As Mississippi River rises, so do commodity prices

Mary Hightower
U of A System Division of Agriculture

LITTLE ROCK, ARKANSAS

    As rain feeds the Mississippi, the rising river is also buoying the commodity prices farmers are receiving at the elevators.

    Months of drought throughout the Mississippi River basin dropped the river to record low levels in October; bottlenecking — and at one point halting — barge traffic between Osceola, Arkansas, and Greenville, Mississippi. With nowhere to go, corn, soybeans and other commodities piled up at the elevators. Shipping prices rose, as did the commodity backlog, which translated into lower prices for farmers.

   “Since the river reached its lowest point in October, we’ve seen basis recover a great deal,” Hunter Biram, extension economist for the University of Arkansas System Division of Agriculture, said on Tuesday. “Basis” is the difference between the local cash price the futures price for a particular commodity.

   “It’s gone from about 80 cents under to 40 percent over the futures price. That’s a 120-cent recovery,” Biram said. “At Helena, it went from 70 cents under to 40 over. That’s a 110-cent recovery.”

   Normally, “45 cents would be a big deal, especially with commodity prices,” he said.

   Are farmers breathing a sigh of relief?

   “If I was a farmer, I would,” he said.

   Biram said there were three factors moving the rise in prices. First, was the resumption of barge traffic. Second would be “an indirect effect of the barges moving — those grain stocks that built up at the elevator are being depleted. Those stocks are coming down, and the cash price is increasing.

   “The third thing is that during this time of year, basis is strengthening anyway because we are in a post-harvest state,” he said. “Normally, in September and October you see basis weakening because of high stocks. A lot of farmers are going to be delivering grain as they harvest it.”

Fertilizer for spring

   The Mississippi River is also an important avenue for the fertilizer that farmers will use for planting next spring. The good news is that overall  prices are expected be lower than this year’s, according to the enterprise budgets for 2023 being developed by the Cooperative Extension Service. These budgets help farmers plan for their next growing season.

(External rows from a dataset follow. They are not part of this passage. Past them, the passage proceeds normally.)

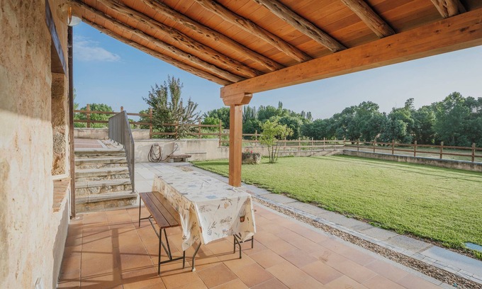 The holiday apartment Casas Rurales Velasco I is located in Cabañas de Polendos and is perfect for an unforgettable holiday with your loved ones. The 196 m² property consists of a living room, a well-equipped kitchen, 3 bedrooms and 4 bathrooms and can therefore accommodate 8 people. Additional amenities include high-speed Wi-Fi (suitable for video calls), a TV, air conditioning as well as a washing machine. In addition, a table tennis table is available for your use. This vacation rental offers a private outdoor space with a garden, covered terrace, and barbecue.
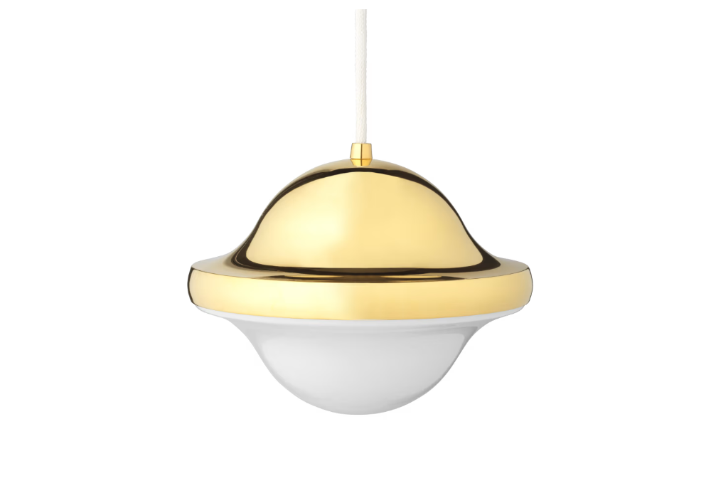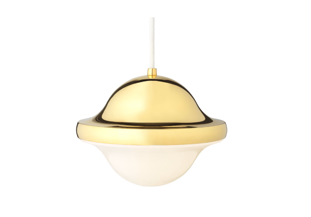 HK20 Bubi Pendelleuchte von Henning Koppel für Carl Hansen & Søn entworfen, ist eine Pendelleuchte mit opalem Acrylschirm und verchromtem oder messingbeschichtetem Stahldiffusor.
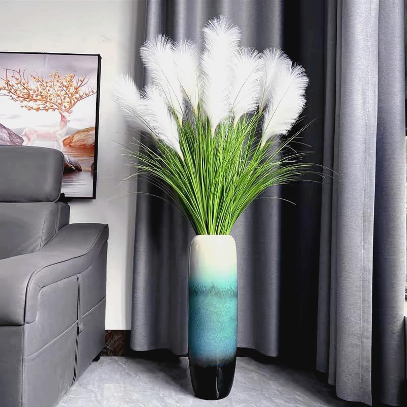 • الحجم والعبوة: 4 قطع من شجيرة البصل الصناعية معبأة بشكل مستقيم في صندوق طويل، يبلغ الارتفاع الإجمالي حوالي 37.4 بوصة، ويوجد حوالي 200 ورقة رفيعة و5 رؤوس قصب لكل منها. المزهرية غير متضمنة.
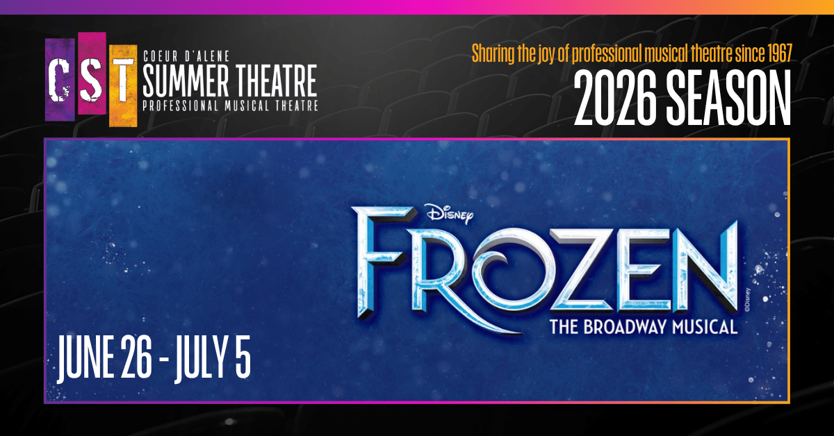 Coeur d’Alene Summer Theatre is thrilled to present Disney's Frozen the Musical as part of our 2026 summer season. Based on Disney’s Oscar®-winning animated film, this spectacular Broadway adaptation brings to life the magic, adventure, and unforgettable music that have captured hearts around the world. Featuring songs by Kristen Anderson-Lopez and Robert Lopez, including “Let It Go,” “Do You Want to Build a Snowman?” and “For the First Time in Forever”, Frozen the Musical dazzles audiences with breathtaking visuals, soaring vocals, and heartfelt storytelling.
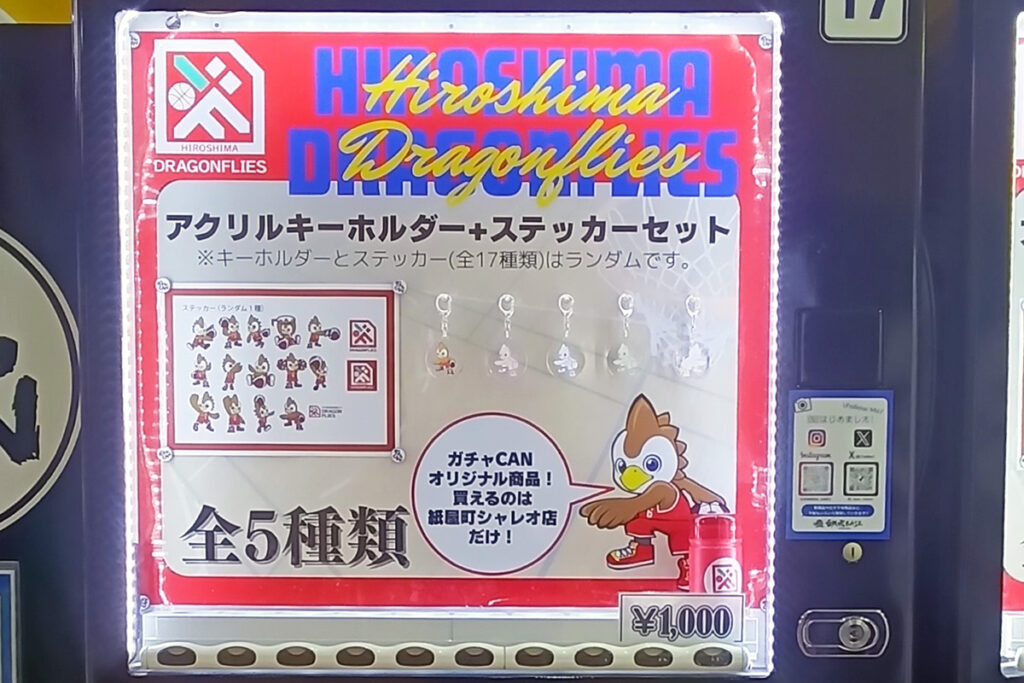 本日より「ドラゴンフライズアクリルキーホルダーとステッカー」自販機BASEが紙屋町シャレオにて販売開始です!!
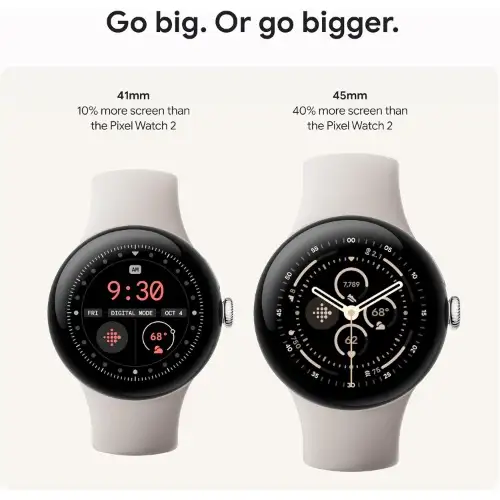 - The Google Pixel Watch 3 is designed for performance, with advanced fitness from Fitbit; the 41mm screen is twice as bright and 10% larger than before, making it easier to see your stats and info
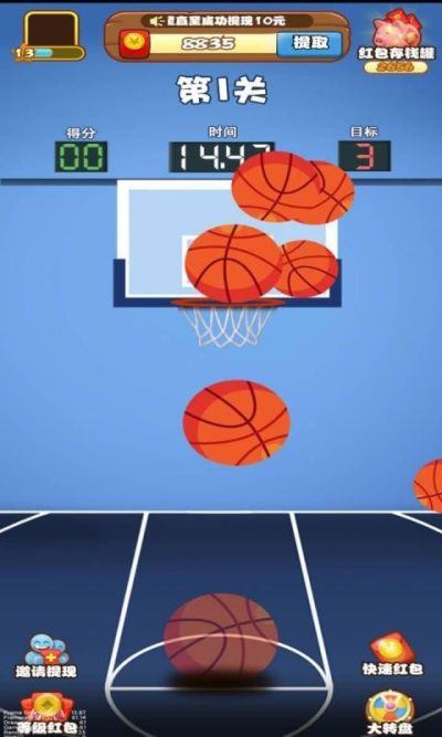 《疯狂投篮红包版》是一款玩游戏可以赚钱的休闲类游戏。这款游戏采用积分的玩法方式,玩家点击屏幕即可体验投篮的趣味,根据你投篮的姿势会获得不同的分值,还可以在游戏过程中获得现金红包的奖励,精心设计的关卡和超爽趣味的玩法,感兴趣的小伙伴们赶紧下载体验吧!
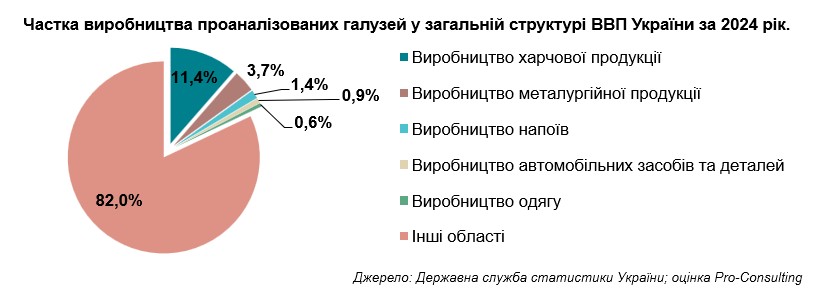 1. Частка виробництва проаналізованих галузей у загальній структурі ВВП України за 2024 рік.
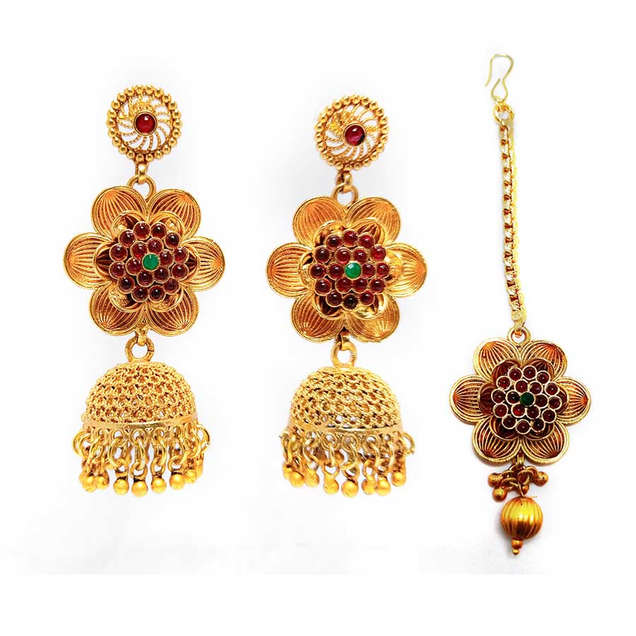 Gold Rodium Polish Green, Red and Maroon color Earrings in Brass, Copper, Metal Alloy studded with CZ Diamond

   “Overall fertilizer is about 3 percent lower comparing 2023 with the 2022 enterprise budgets that were adjusted earlier this year because of the war in Ukraine, Biram said.

   “Nitrogen is looking 6 percent lower, phosphorus about 2 percent higher and potash is looking constant,” he said, adding that the moderation in prices is likely due not only to barge traffic moving again, but also that the markets don’t see the war the same way.

   “Last year it was a shock. It’s not a shock now. Like COVID, we didn’t know what to do with the supply chain issues, but now we’ve adjusted,” he said.

Crop insurance 

   The Risk Management Agency, or RMA, of the U.S. Department of Agriculture has also completed its harvest-time price discovery, which is used to determine indemnity for farmers.

   RMA determines its payments through two rounds of price discovery. The first is examining futures prices from mid-January to mid-February. The second round is done during harvest.

   “I’m not expecting to see too many Revenue Protection indemnities paid for corn, soybeans and rice, unless the farmer experienced huge production losses,” Biram said. In short, as futures prices increased through the season, “the lower your chance of receiving a Revenue Protection indemnity payment.”

   The exception may be for cotton growers. Biram said the projected futures price was pegged at $1.02 per pound in February, but that the harvest price is 81 cents.

   With a 21 percent fall between the RMA-determined projected and harvest prices for cotton, those enrolled in STAX — the RMA’s Stacked Incoming Protection Plan — may receive indemnity payments, he said. ∆

 

 

 

 

 File photos of Mississippi River barges.